RECORDS FOR THIS TASK Start Marker

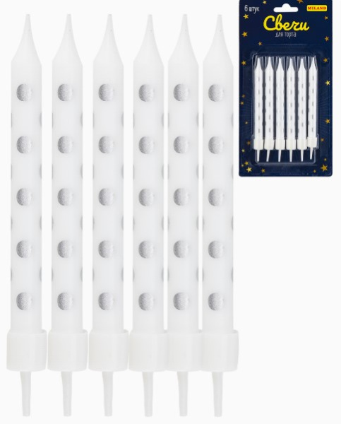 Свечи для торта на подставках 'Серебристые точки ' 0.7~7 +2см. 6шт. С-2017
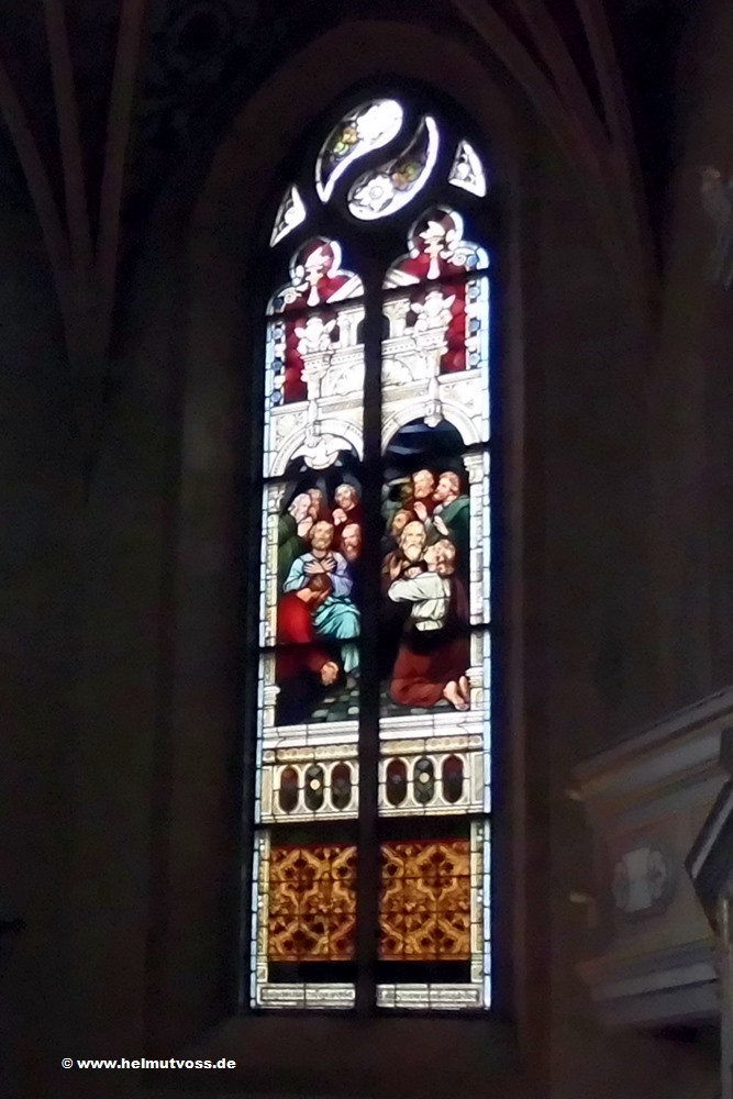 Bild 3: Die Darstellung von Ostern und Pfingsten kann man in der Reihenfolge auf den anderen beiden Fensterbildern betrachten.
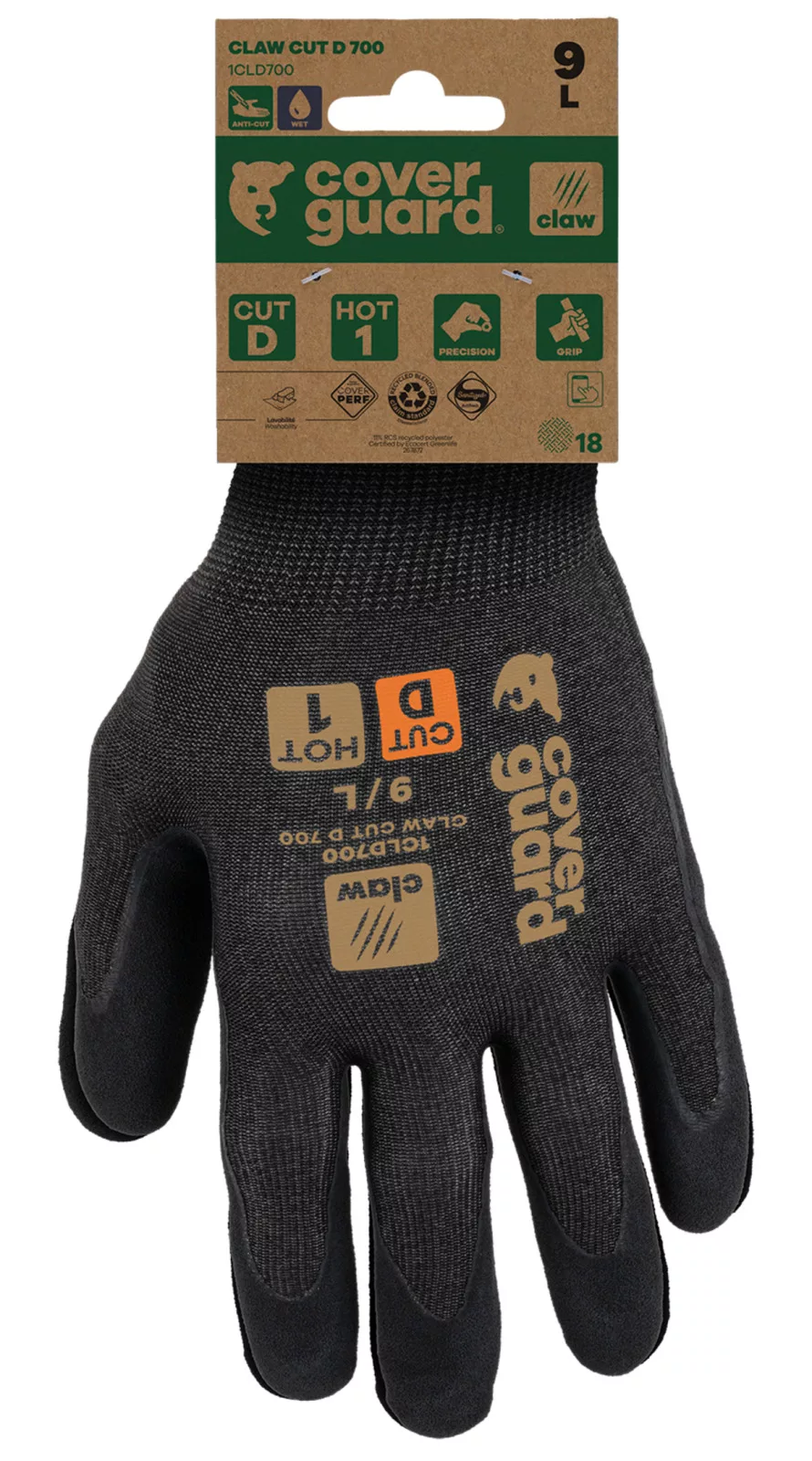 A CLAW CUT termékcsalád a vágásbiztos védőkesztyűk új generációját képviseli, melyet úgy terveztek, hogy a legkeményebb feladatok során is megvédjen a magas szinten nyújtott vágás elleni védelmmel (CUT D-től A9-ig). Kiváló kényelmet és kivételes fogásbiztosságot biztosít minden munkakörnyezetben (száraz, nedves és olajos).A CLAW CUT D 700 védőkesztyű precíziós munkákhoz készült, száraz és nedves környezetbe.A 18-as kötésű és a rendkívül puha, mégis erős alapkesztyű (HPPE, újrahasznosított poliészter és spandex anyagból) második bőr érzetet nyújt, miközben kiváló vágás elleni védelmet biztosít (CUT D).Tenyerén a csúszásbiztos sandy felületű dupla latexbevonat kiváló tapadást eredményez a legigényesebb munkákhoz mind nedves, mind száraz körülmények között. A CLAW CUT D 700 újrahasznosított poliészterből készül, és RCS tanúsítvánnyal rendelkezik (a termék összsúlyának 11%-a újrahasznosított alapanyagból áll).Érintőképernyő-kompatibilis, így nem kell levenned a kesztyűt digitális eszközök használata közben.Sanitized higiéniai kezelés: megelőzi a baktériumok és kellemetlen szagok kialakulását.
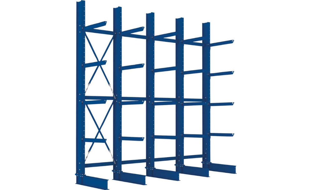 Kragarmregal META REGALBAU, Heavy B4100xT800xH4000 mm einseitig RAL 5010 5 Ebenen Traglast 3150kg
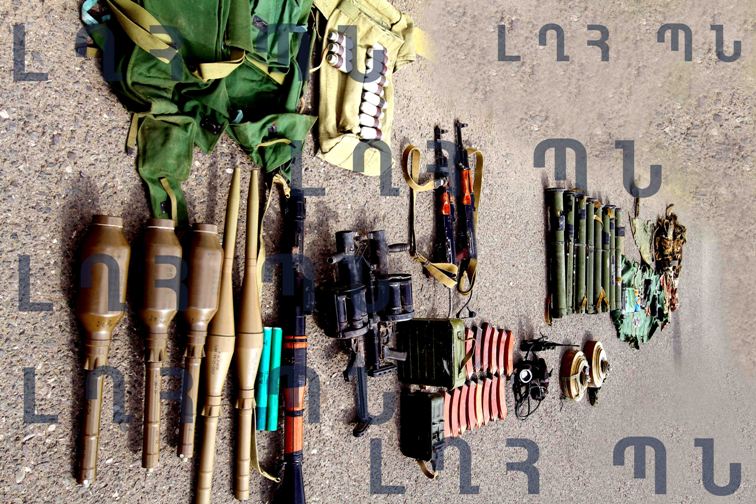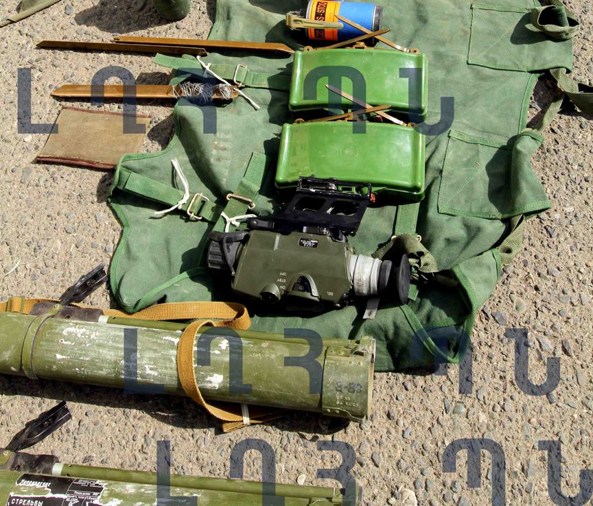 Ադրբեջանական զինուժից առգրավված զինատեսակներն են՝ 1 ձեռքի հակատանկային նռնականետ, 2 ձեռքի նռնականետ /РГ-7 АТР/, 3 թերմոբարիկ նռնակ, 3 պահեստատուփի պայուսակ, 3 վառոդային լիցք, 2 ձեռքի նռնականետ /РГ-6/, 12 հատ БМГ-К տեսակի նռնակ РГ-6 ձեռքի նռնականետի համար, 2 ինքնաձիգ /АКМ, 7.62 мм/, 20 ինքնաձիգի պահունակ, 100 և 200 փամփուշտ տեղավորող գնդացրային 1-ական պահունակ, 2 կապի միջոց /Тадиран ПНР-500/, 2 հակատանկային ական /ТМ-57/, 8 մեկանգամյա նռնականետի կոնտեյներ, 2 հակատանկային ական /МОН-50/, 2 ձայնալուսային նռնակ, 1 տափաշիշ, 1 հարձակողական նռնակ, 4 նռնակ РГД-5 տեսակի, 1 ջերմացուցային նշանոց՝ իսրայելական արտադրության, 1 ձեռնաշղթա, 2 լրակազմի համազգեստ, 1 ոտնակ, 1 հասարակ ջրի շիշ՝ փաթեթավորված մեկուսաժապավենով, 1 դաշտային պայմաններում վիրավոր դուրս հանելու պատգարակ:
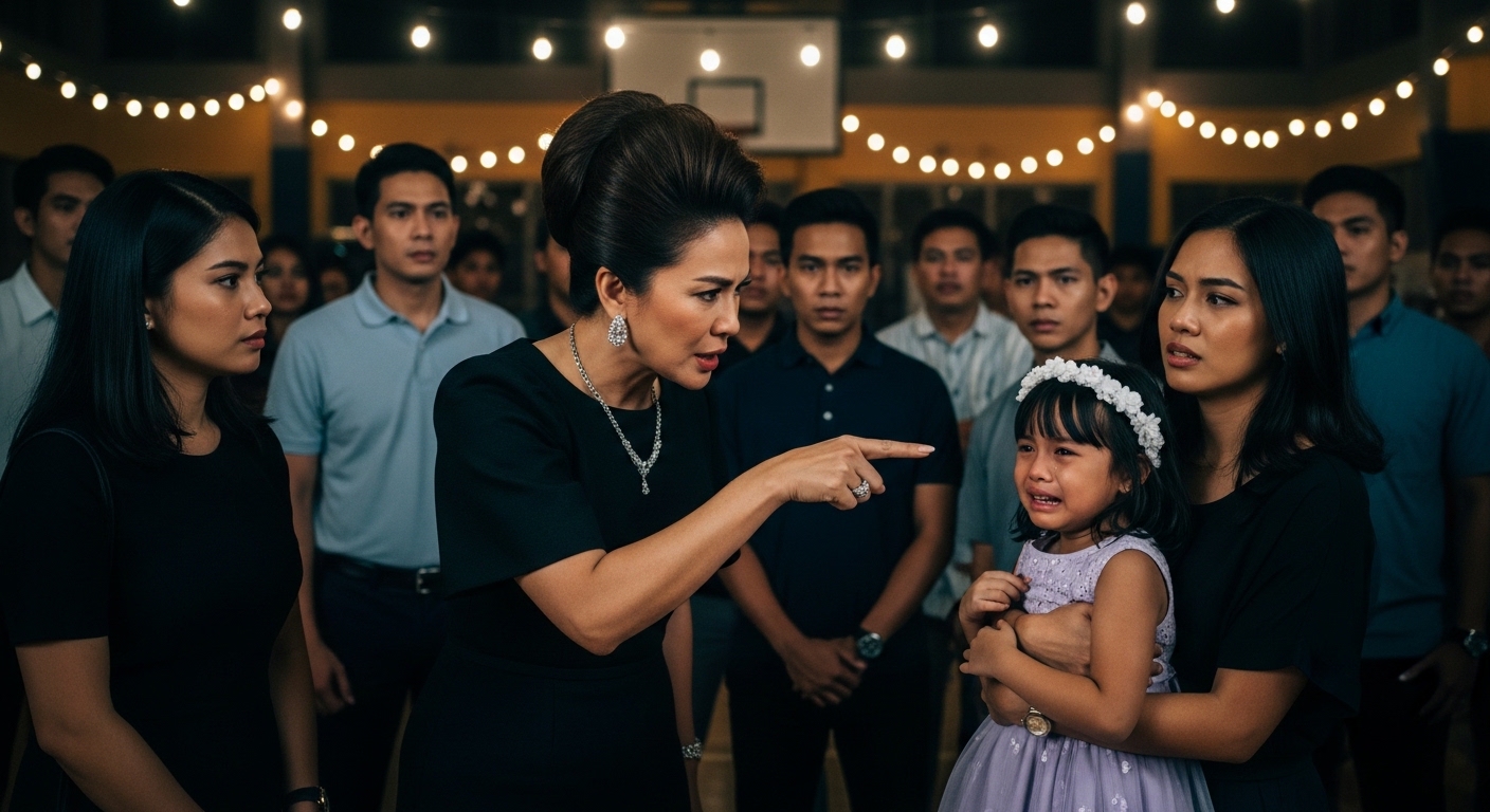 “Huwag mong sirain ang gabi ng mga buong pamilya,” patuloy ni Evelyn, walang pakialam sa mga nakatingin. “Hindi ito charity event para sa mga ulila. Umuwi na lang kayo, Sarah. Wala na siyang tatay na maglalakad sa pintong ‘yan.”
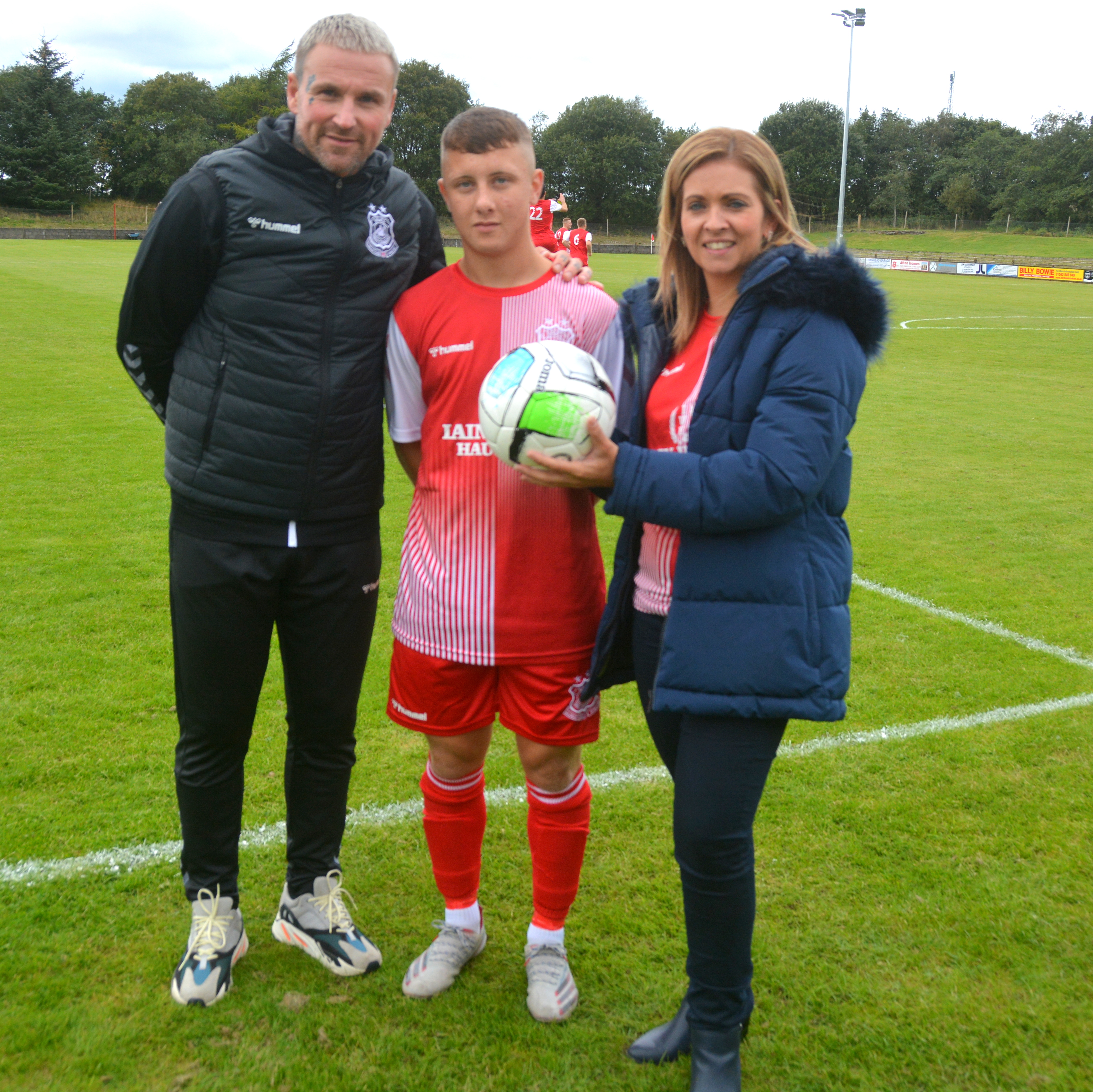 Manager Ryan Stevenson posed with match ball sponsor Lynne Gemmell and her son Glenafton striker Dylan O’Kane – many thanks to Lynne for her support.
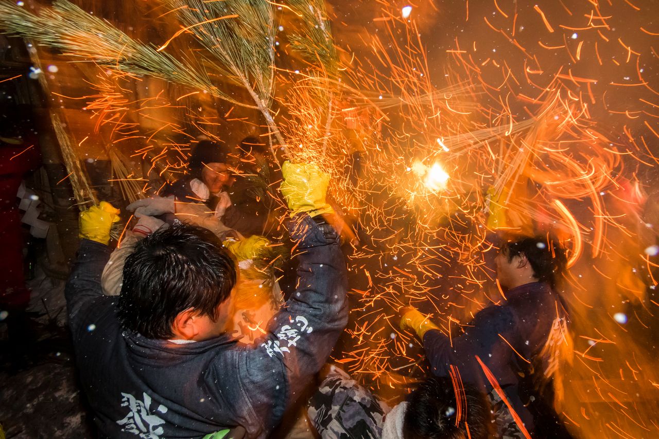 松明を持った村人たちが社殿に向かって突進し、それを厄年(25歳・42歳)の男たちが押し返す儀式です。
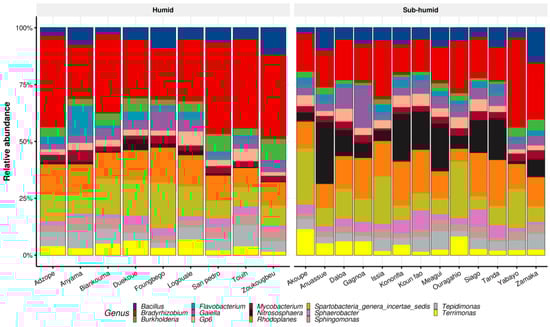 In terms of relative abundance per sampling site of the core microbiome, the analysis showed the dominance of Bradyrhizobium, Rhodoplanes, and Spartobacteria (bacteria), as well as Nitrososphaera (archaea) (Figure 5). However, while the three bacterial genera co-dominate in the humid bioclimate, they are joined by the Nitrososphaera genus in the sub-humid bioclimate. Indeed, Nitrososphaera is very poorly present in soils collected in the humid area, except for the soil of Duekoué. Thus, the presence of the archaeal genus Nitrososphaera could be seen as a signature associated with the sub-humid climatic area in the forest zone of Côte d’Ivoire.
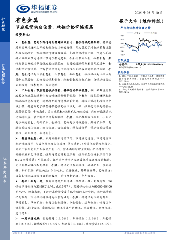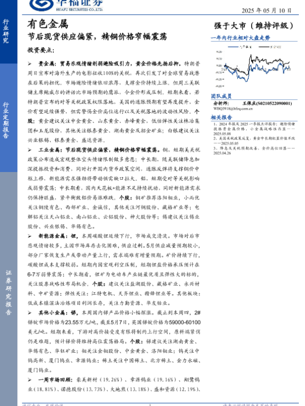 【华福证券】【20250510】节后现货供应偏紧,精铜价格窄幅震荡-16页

RECORDS FOR THIS TASK End Marker

#### ACTIVITY
All lines from the one bearing "Manager Ryan Stevenson" through the last line of the records, and only those, should be duplicated exactly; no picture belongs in the copy.

#### EXPECTED ANSWER
 Manager Ryan Stevenson posed with match ball sponsor Lynne Gemmell and her son Glenafton striker Dylan O’Kane – many thanks to Lynne for her support.
 松明を持った村人たちが社殿に向かって突進し、それを厄年(25歳・42歳)の男たちが押し返す儀式です。
 In terms of relative abundance per sampling site of the core microbiome, the analysis showed the dominance of Bradyrhizobium, Rhodoplanes, and Spartobacteria (bacteria), as well as Nitrososphaera (archaea) (Figure 5). However, while the three bacterial genera co-dominate in the humid bioclimate, they are joined by the Nitrososphaera genus in the sub-humid bioclimate. Indeed, Nitrososphaera is very poorly present in soils collected in the humid area, except for the soil of Duekoué. Thus, the presence of the archaeal genus Nitrososphaera could be seen as a signature associated with the sub-humid climatic area in the forest zone of Côte d’Ivoire.
 【华福证券】【20250510】节后现货供应偏紧,精铜价格窄幅震荡-16页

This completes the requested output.